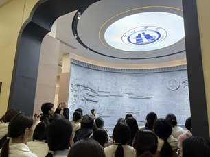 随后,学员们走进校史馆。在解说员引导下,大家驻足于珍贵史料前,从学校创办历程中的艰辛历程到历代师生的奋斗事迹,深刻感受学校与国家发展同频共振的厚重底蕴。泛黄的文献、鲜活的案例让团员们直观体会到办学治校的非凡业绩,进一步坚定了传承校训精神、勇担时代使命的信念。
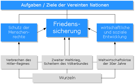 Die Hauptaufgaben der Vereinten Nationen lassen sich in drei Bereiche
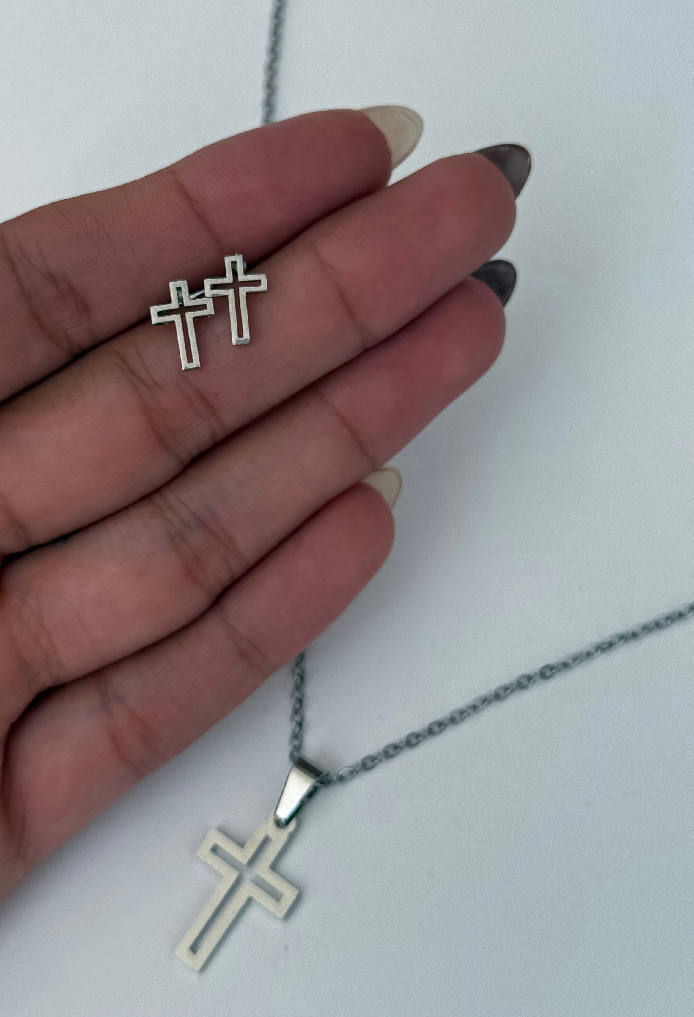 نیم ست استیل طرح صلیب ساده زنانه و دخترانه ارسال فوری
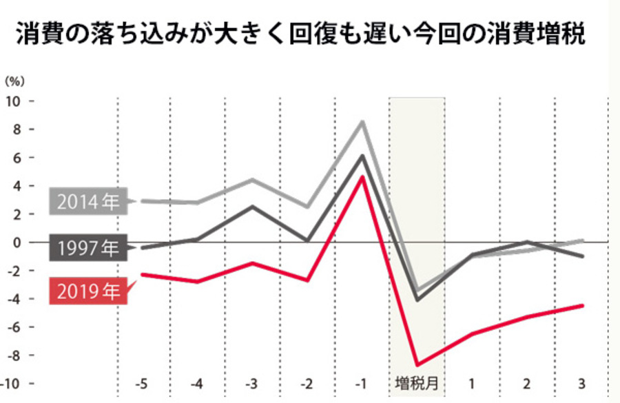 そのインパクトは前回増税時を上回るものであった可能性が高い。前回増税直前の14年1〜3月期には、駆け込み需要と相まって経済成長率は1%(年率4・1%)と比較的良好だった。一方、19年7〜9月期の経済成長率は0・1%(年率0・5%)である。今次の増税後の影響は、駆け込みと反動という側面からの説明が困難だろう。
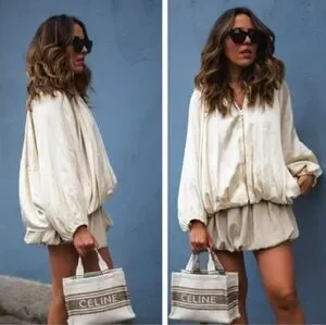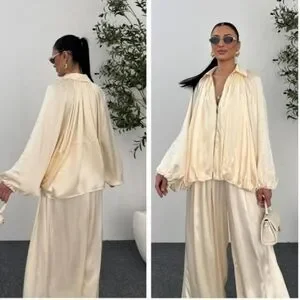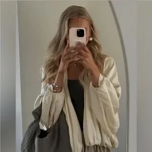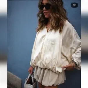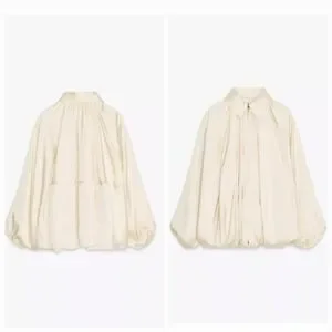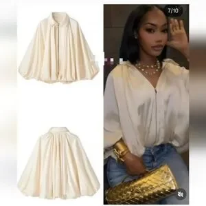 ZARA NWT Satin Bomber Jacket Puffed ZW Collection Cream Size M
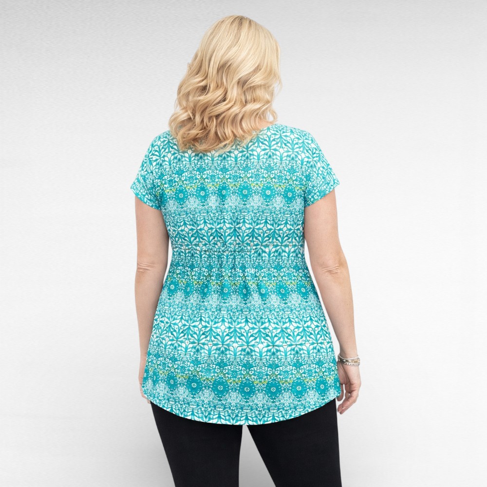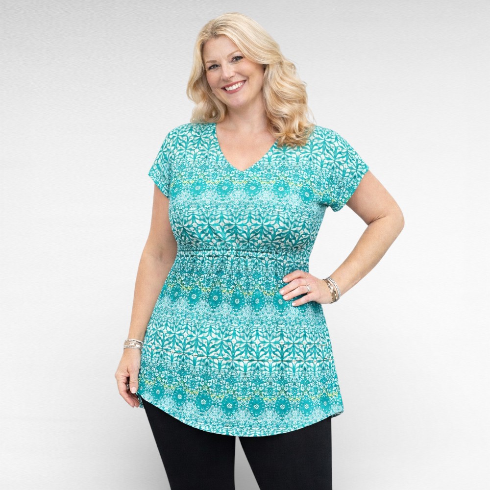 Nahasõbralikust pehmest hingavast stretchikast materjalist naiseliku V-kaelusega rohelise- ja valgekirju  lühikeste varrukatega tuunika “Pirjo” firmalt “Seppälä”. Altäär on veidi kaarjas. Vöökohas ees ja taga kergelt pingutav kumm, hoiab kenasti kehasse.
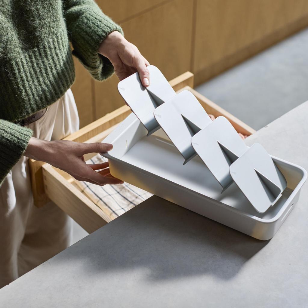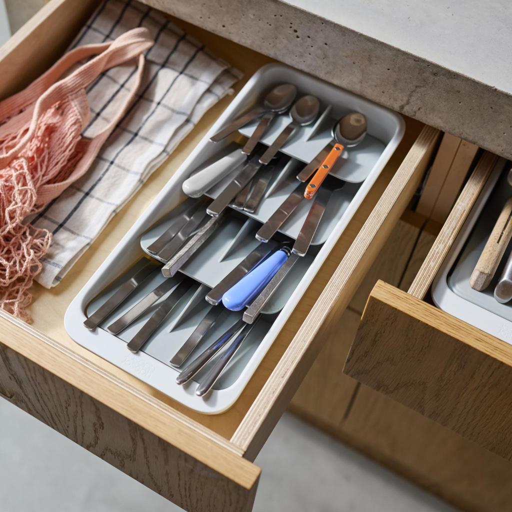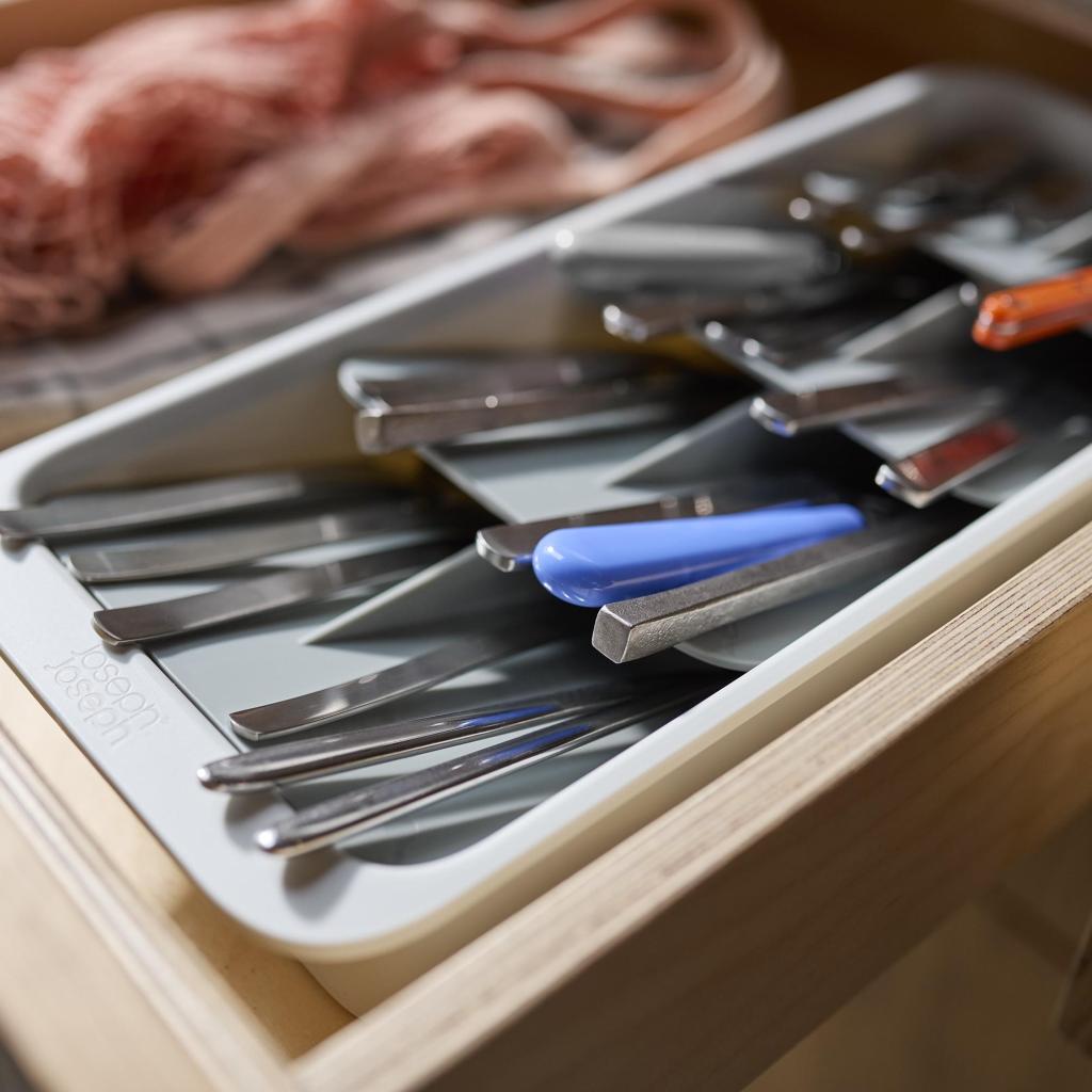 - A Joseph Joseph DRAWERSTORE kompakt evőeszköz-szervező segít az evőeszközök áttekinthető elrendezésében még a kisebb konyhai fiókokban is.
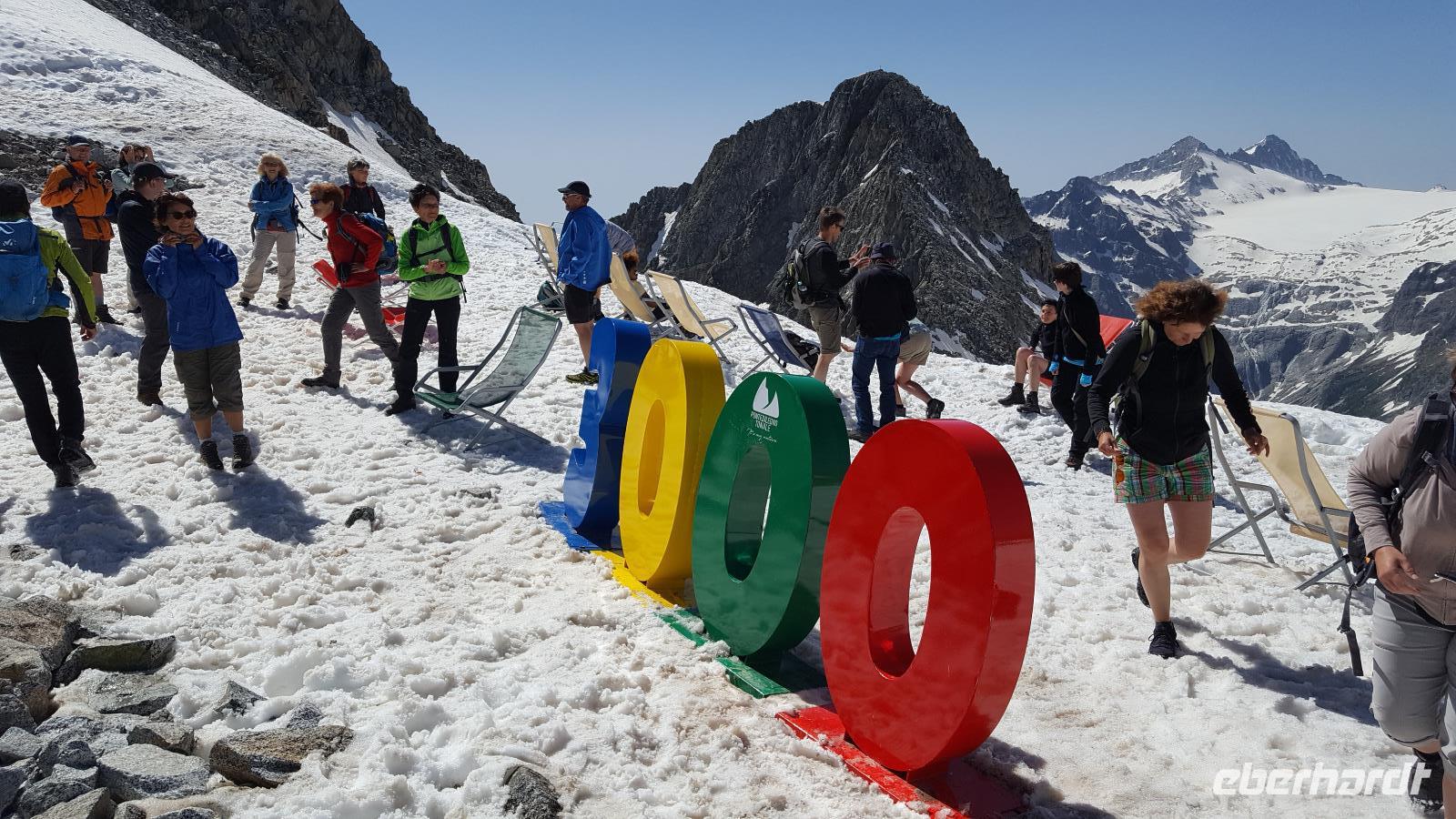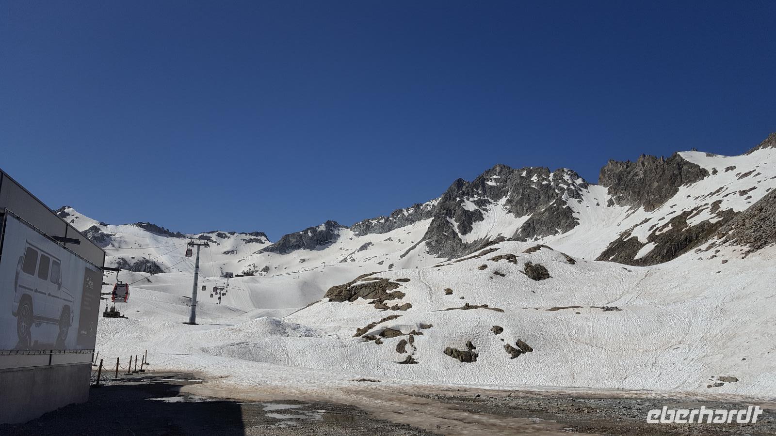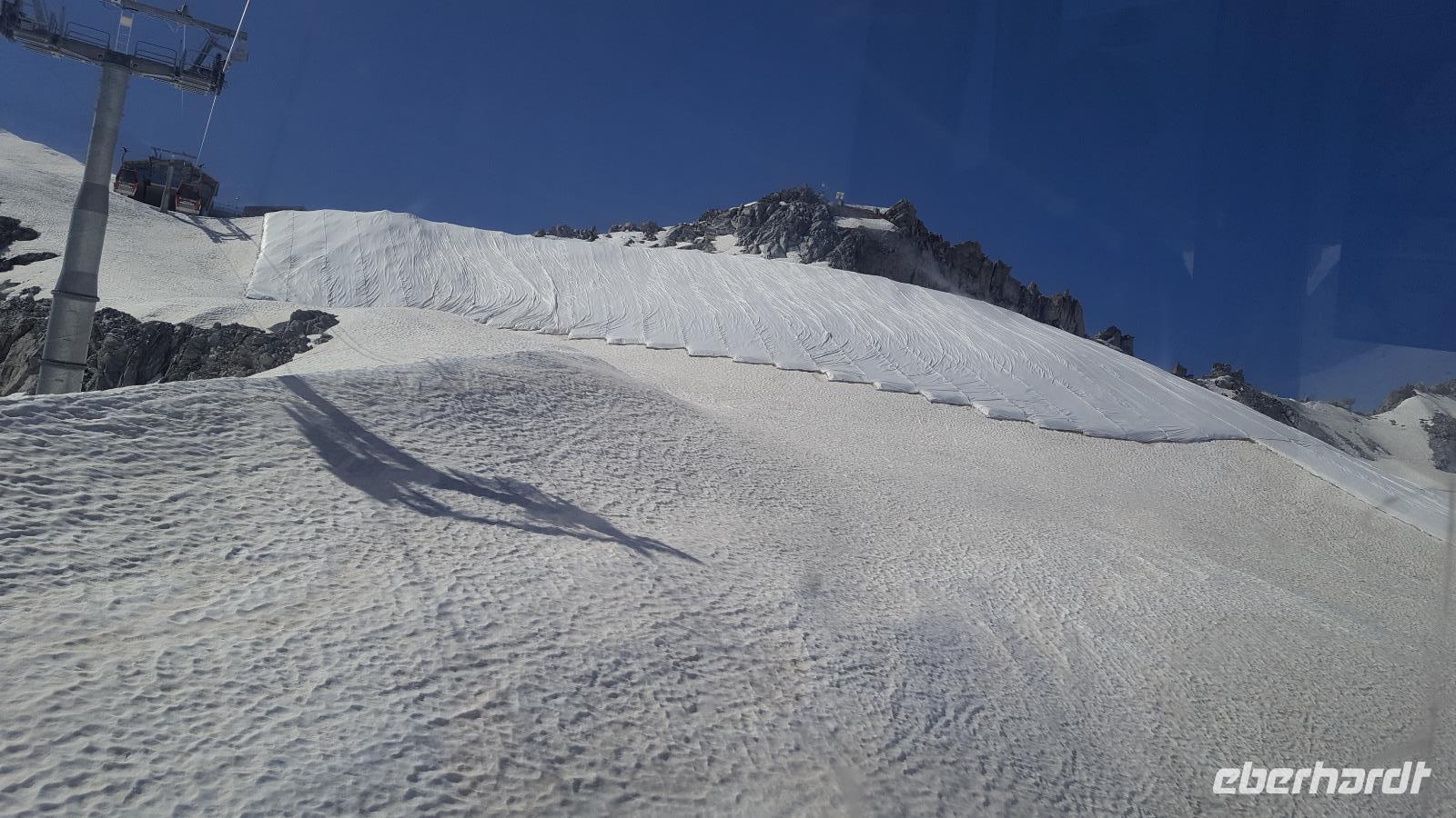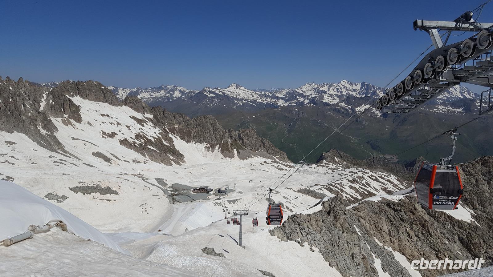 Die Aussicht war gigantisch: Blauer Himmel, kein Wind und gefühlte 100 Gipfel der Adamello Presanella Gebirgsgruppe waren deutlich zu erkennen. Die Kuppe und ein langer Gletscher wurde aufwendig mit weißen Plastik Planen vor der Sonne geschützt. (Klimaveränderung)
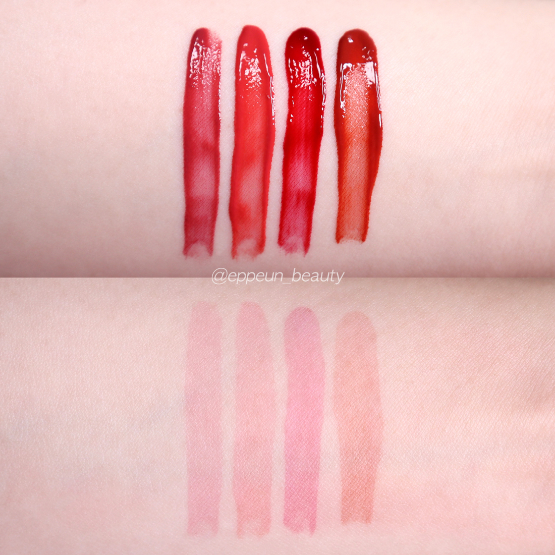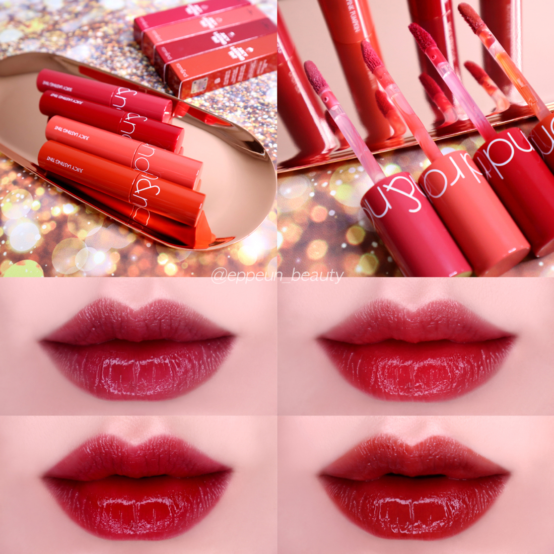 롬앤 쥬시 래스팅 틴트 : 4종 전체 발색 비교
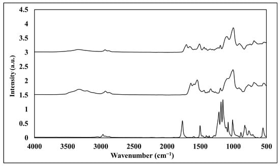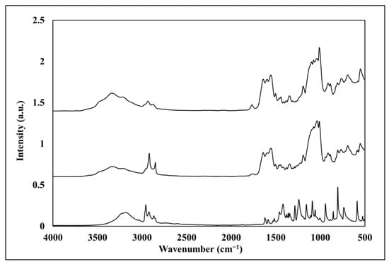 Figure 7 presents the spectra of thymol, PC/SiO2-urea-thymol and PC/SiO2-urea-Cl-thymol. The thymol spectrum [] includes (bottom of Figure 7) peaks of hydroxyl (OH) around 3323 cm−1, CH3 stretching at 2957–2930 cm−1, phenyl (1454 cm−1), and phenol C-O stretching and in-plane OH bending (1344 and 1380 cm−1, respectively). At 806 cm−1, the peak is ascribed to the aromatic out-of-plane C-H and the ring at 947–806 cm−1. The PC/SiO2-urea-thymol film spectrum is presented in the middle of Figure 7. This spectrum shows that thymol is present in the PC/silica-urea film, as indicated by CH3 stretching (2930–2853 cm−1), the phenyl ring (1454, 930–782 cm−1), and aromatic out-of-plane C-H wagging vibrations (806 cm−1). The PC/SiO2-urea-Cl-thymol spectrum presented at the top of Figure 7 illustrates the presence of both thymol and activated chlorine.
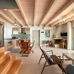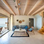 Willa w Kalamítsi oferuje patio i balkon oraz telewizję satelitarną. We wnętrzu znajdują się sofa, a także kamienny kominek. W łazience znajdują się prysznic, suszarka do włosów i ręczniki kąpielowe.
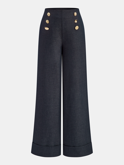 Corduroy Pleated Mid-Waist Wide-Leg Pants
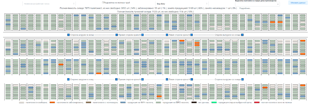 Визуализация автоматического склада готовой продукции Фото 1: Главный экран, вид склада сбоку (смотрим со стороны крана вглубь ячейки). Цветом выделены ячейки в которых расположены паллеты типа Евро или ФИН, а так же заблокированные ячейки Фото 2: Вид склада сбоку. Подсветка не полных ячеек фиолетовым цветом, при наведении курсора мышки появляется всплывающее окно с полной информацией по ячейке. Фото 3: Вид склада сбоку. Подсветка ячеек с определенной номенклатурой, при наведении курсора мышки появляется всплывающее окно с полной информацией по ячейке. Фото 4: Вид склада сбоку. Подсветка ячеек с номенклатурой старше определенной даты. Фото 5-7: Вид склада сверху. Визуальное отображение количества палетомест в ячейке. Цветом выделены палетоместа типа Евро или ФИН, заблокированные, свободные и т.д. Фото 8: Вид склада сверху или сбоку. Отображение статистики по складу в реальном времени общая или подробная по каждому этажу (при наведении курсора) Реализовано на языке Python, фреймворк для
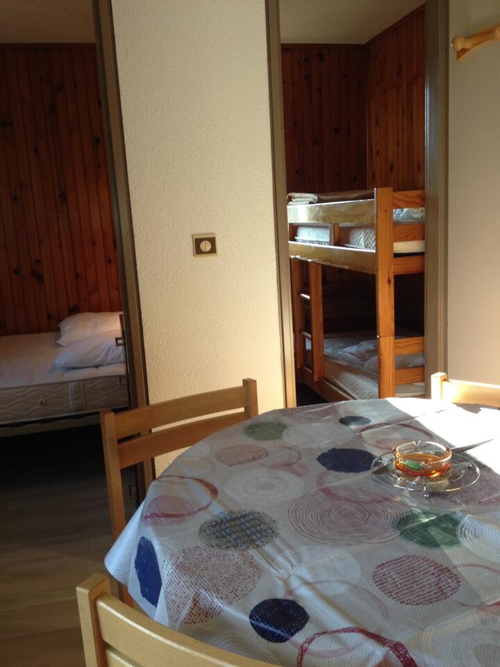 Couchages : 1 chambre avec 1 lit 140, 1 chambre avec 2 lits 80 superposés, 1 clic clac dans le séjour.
◆ ◆ ◆
The answer must consist solely of the lines from the first line of the data through the line containing "نیم ست استیل", inclusive, reproduced exactly and without pictures.

● Solution
 随后,学员们走进校史馆。在解说员引导下,大家驻足于珍贵史料前,从学校创办历程中的艰辛历程到历代师生的奋斗事迹,深刻感受学校与国家发展同频共振的厚重底蕴。泛黄的文献、鲜活的案例让团员们直观体会到办学治校的非凡业绩,进一步坚定了传承校训精神、勇担时代使命的信念。
 Die Hauptaufgaben der Vereinten Nationen lassen sich in drei Bereiche
 نیم ست استیل طرح صلیب ساده زنانه و دخترانه ارسال فوری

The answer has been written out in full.